In silico model of mechano-biochemical bone remodeling characterizes the therapeutic effects of osteoporosis drugs depending on the action mechanism

Abstract

Osteoporosis stems from an imbalance between bone resorption and formation during bone remodeling, a mechano-biochemical coupling event that intercellular signaling regulates among the bone cells in response to the mechanical environment. Osteoporosis treatment necessitates the modulation of impaired bone remodeling by drug administration to restore an appropriate balance in bone resorption–formation.

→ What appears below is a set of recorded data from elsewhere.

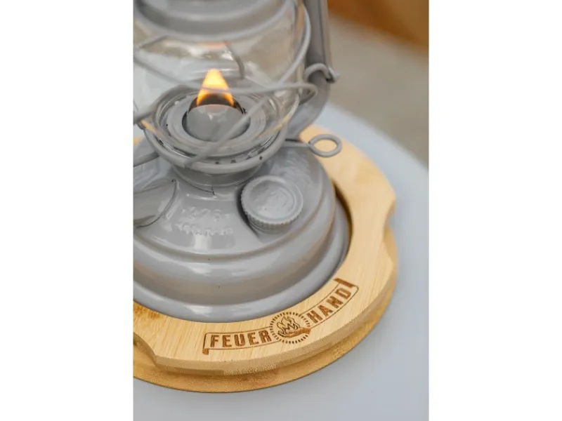 Der Feuerhand Laternenuntersetzer ist die ideale Ergänzung einer zuverlässigen Tischbeleuchtung mit der Baby Special 276 und sorgt für sicheren Stand der Sturmlaterne. Beim Befüllen und Betrieb der traditionellen Sturmlaterne schützt der Laternenuntersetzer den Untergrund vor möglichen Ölrückständen und wird durch eine transparente Schutzschicht auch selbst vor dem Eindringen von Feuchtigkeit bewahrt. Durch die schlichte, zeitlose Formgebung im Feuerhand-Design fügt sich der praktische Untersetzer aus Bambus in jede Tisch- und Gartengestaltung ein. Er lässt sich an den eingearbeiteten Einkerbungen leicht positionieren. Der Untersetzer für die Baby Special 276 zeichnet sich durch seine Langlebigkeit aus und ist durch die Schutzschicht einfach mit einem feuchten Tuch zu reinigen. Gemütliche Sitzecken und gedeckte Gartentische werden durch die Baby Special 276 im passgenauen Untersetzer perfekt ergänzt und individuell beleuchtet.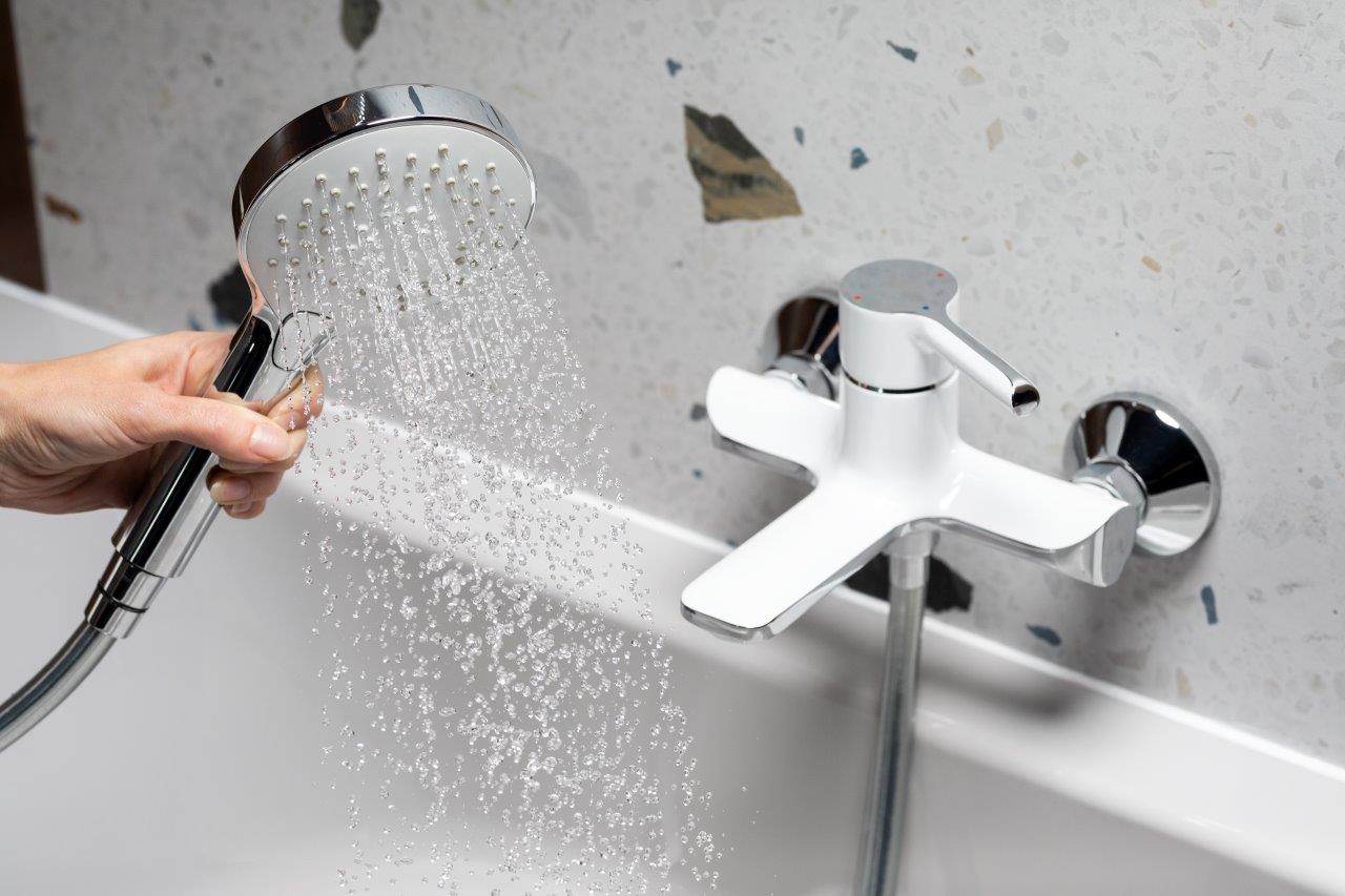 Rączka natryskowa angelit okrągła, 3-Funkcyjna z przyciskiem, chrom+Biały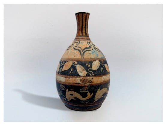 On the rim of the same louterion we also find dolphins together with the pistrices and Nereids. On the rim of another Roman marble louterion these marine mammals are shown in pairs while jumping out of the waves50; and on a bottle made in the workshops on the island of Lipari in the first half of the 3rd century bce (Figure 8)—probably a cosmetics container, as a yellow powder inside proved to be goethite, a mineral used in ancient times for eyeshadow.51 In ancient myth, the dolphin was always considered a friendly animal, often the savior of sailors and castaways, as in the myth of Arion or the foundation of Delphi, named in honor of a dolphin.52 It was also believed that the souls of drowned sailors would return to live in the form of a dolphin, regaining possession of that vital force that the sea had taken from them.53 Their connection with Dionysus is well-known (Hom. Hymn 7)—starting with the tale of the Tyrrhenian pirates; the association with wine consumption and the sea world is illustrated by the mammals (many of them as musicians) painted on cups, kraters, dinoi and other sympotic vases, as well as by the representations of maenads holding fish, from the Archaic period onwards. A terracotta dolphin was among the votives of the 15th century BCE sanctuary at Aya Irini on Keos, offered to a god generally recognized as Dionysus.54

Characterizing the therapeutic effects of osteoporosis drugs based on their molecular mechanisms of action is crucial to prevent adverse effects and improve the therapeutic efficacy. Herein, we characterized the therapeutic effects of osteoporosis drugs using an in silico model of mechano-biochemical bone remodeling, enabling examination of its spatial and temporal behaviors. We conducted computer simulations to assess osteoporosis drug treatments using two drugs with different mechanisms of action: an anti-receptor activator of nuclear factor-κB ligand (RANKL) antibody (denosumab) and a RANKL production inhibitor. Both drugs restored functionally-adapted trabecular bone morphology when dosages were appropriately adjusted. However, denosumab exhibited more stable therapeutic effects despite dosage changes in osteoporosis treatment. Thus, our medication simulation effectively depicted the therapeutic effects of osteoporosis drugs, illustrating their efficacy based on their mechanisms of action. We expect that medication simulations utilizing an in silico model of mechano-biochemical bone remodeling will expedite the drug discovery process by thoroughly analyzing molecular, cellular, tissue, and organ dynamics during drug treatment.